Zipper
Time Limit: 2000/1000 MS (Java/Others) Memory Limit: 65536/32768 K (Java/Others)
Total Submission(s): 12854 Accepted Submission(s): 4619
Problem Description
Given three strings, you are to determine whether the third string can be formed by combining the characters in the first two strings. The first two strings can be mixed arbitrarily, but each must stay in its original order.
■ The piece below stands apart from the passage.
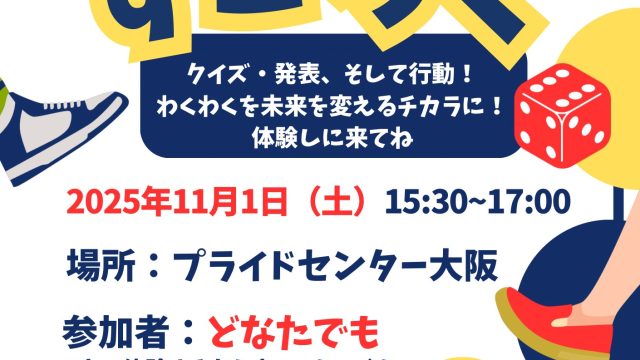 お知らせ 【告知】11/1(土)「SDGsすごろく」を開催 11月1日(土)15:30〜17:00、「SDGsすごろく」をプライドセンター大阪で開催します!小学生と中学生で考えた歩くSDGsすごろく。クイズ、発表、そして行動!わくわくを未来を変えるチカラに!体験きてね。参加費無料・事前予約不要です。... 2025.10.09 お知らせ

For example, consider forming “tcraete” from “cat” and “tree”:
String A: cat
String B: tree
String C: tcraete
As you can see, we can form the third string by alternating characters from the two strings. As a second example, consider forming “catrtee” from “cat” and “tree”:
String A: cat
String B: tree
String C: catrtee
Finally, notice that it is impossible to form “cttaree” from “cat” and “tree”.
Input
The first line of input contains a single positive integer from 1 through 1000. It represents the number of data sets to follow. The processing for each data set is identical. The data sets appear on the following lines, one data set per line.
For each data set, the line of input consists of three strings, separated by a single space. All strings are composed of upper and lower case letters only. The length of the third string is always the sum of the lengths of the first two strings. The first two strings will have lengths between 1 and 200 characters, inclusive.
Output
For each data set, print:
Data set n: yes
if the third string can be formed from the first two, or
Data set n: no
if it cannot. Of course n should be replaced by the data set number. See the sample output below for an example.
Sample Input
3
cat tree tcraete
cat tree catrtee
cat tree cttaree
Sample Output
Data set 1: yes
Data set 2: yes
Data set 3: no
思路:
1.dfs记忆化搜索,考虑到每一种情况,然后用二维数组记录状态剪枝即可。
2.dp:对于匹配到i+j个字符,肯定是由dp[i][j-1]和dp[i-1][j]而来(i代表第一个串匹配了多少,j代表第二个串匹配了多少)。最终看终态即可。
代码:
#include<bits/stdc++.h>
using namespace std;
int v[220][220];
string str1,str2,str3;
int pos;
int dp[10][10];
void dfs(int s1,int s2,int s3) //dfs方法
{
if(pos) return ;
if(v[s1][s2]==1) return ;
if(s1==str1.length() && s2==str2.length())
{
pos = 1;
return ;
}
if(str1[s1]!=str3[s3] && str2[s2]!=str3[s3]) return ;
v[s1][s2]=1;
if(str1[s1]==str3[s3]) dfs(s1+1,s2,s3+1);
if(str2[s2]==str3[s3]) dfs(s1,s2+1,s3+1);
return ;
}
int main()
{
int t,n,Case = 1;
scanf("%d",&t);
while(t--)
{
memset(dp,0,sizeof(dp));
cin>>str1>>str2>>str3;
dp[0][0]=1;
if(str1[0]==str3[0])
dp[1][0]=1;
if(str2[0]==str3[0])
dp[0][1]=1;
for(int i=0;i<=str1.length();i++) //在这个代码里面,一定要从0开始,不能从1开始,不然所有状态没有遍历到。
{
for(int j=0;j<=str2.length();j++)
{
if(dp[i][j-1] && str2[j-1]==str3[i+j-1])
dp[i][j]=1;
if(dp[i-1][j] && str1[i-1]==str3[i+j-1])
dp[i][j]=1;
}
}
if(dp[str1.length()][str2.length()]) printf("Data set %d: yes\n",Case++);
else printf("Data set %d: no\n",Case++);
}
return 0;
}